Was sind Deine Ziele in 2002?
Ingo Schultz:
Die EM in München ist ja der große Höhepunkt in diesem Jahr. Ich bin EM-Botschafter und die Ziele sind hoch gesteckt. Zum einen von mir, zum anderen von der Öffentlichkeit. Ganz klar: ich möchte eine Medaille!
"Will in München gewinnen"
Aber Du möchtest nicht in die Offensive gehen und sagen: "I go for gold"?
Ingo Schultz:
Ich will natürlich gewinnen. Das ist keine Frage. Das wollen ja alle, die teilnehmen. Und ich weiß auch, dass es schwierig ist.
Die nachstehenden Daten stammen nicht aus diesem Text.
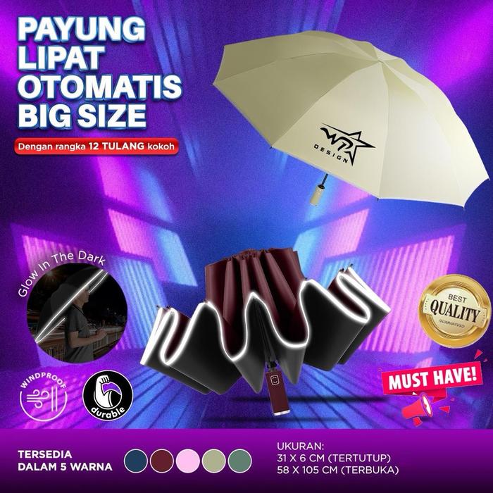 Payung Lipat Otomatis 12 Tulang Premium Anti UV & Waterproof Pink Stainless - Pink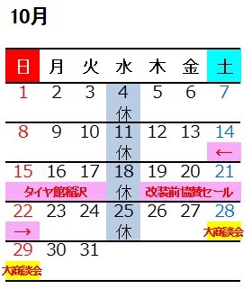 10月予定!! ポスト 2017年10月14日 こんにちは!タイヤ館江南店です。 既に10月も中旬・・・少し遅くなってしまいましたが、今後の予定をカレンダーにまとめました^^; ご来店の際は参考になさってください!! 10/28(土)・10/29(日)は稲沢店のリニューアルオープン日でもありますが 当店では「「夏・冬タイヤ大商談会」」開催いたします!! タイヤご成約のお客様にプレゼントをご用意予定です♪♪ ご来店をお待ちしております。 カテゴリ:お知らせ
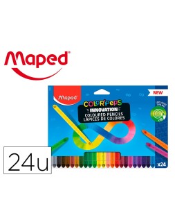 Caja de 24 lápices de colores innovadores que duran 10 veces más. Lápiz 100% mina, 100% utilizable, 0 residuos, cumple con la normativa de los juguetes. No hace falta afilarlos, se van afinando solos al colorear. Ergonomía: lápiz triangular para mejorar la sujeción. Diseño original y patentado que permite al niño colorear por los 2 lados.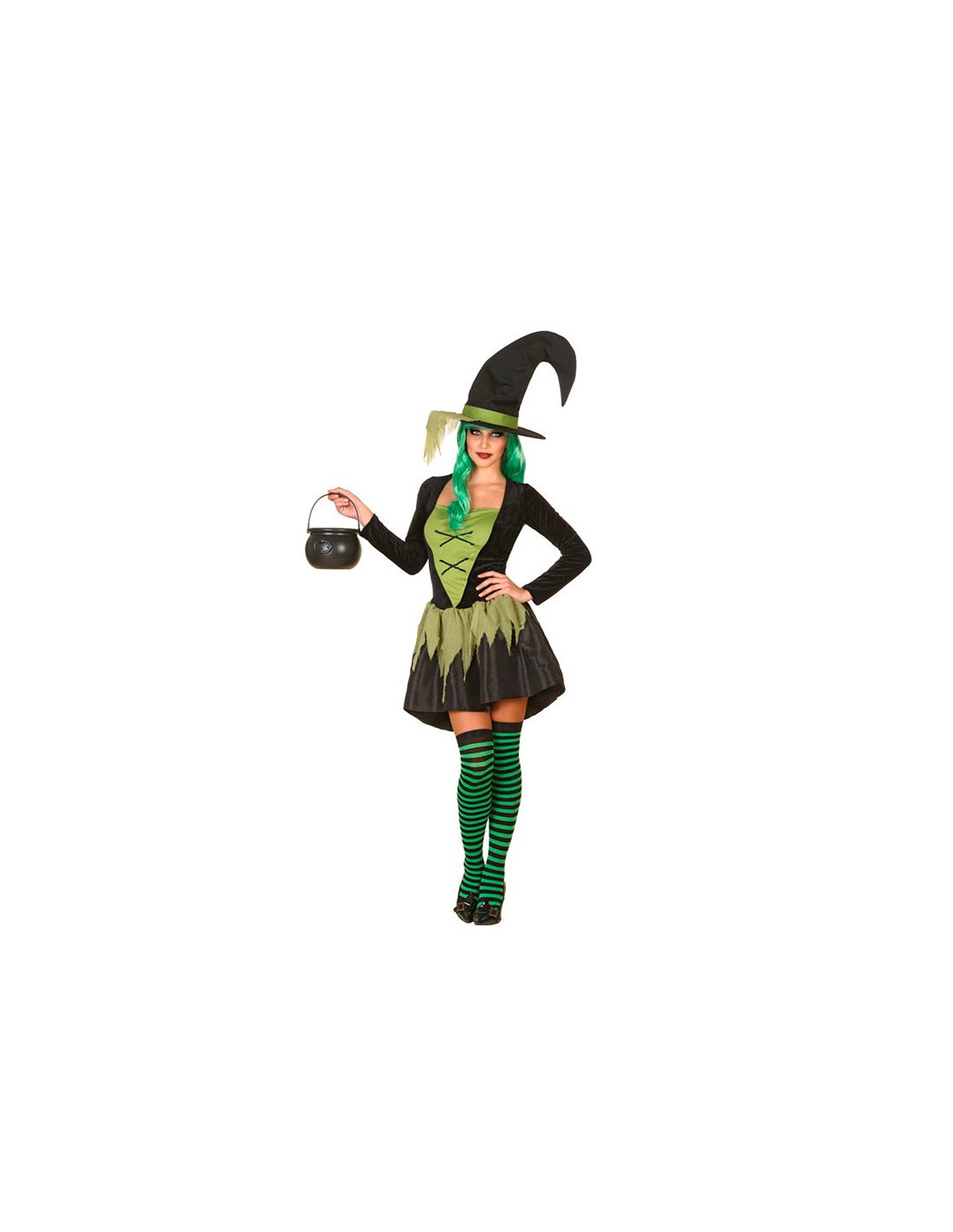 El disfraz de bruja verde para mujer contiene un vestido negro y verde con la falda más corta por delante y larga por detrás; y un sombrero a juego.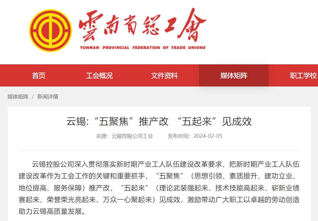 近日,云南省总工会刊发《云锡:“五聚焦”推产改 “五起来”见成效》,全面展现百年云锡产改工作新成效新气象。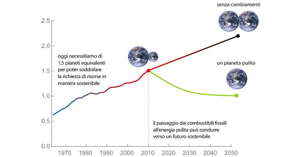L’architetto integra il suo concetto di sostenibilità con un grafico che esprime la necessità di disporre di un Pianeta e mezzo pro capite per soddisfare la richiesta di risorse da parte dei Paesi “civilizzati” secondo gli standard odierni e delinea due scenari possibili con orizzonte 2050: il primo sarebbe segnato dalla necessità di disporre di due Pianeti pro capitese non si attuassero opportuni cambiamenti nei tempi utili indicati dagli scienziati, mentre il secondo sarebbe segnato dal riuscire a mantenere gli standard di benessere riducendo i consumi di risorse (un Pianeta).

Es kann nur einen geben, der gewinnt. Es kann immer einen geben, so wie ich letztes Jahr, der wie ein Phoenix aus der Asche kommt. Vieles ist da möglich. Es kommt auf die Umstände an. Mit einer Medaille wäre ich sehr zufrieden. Es muss nicht unbedingt Gold sein, aber schön wär's natürlich.
Ingo, wir danken Dir für dieses Gespräch und wünschen Dir viel Erfolg auf Deinen Weg zur EM 2002!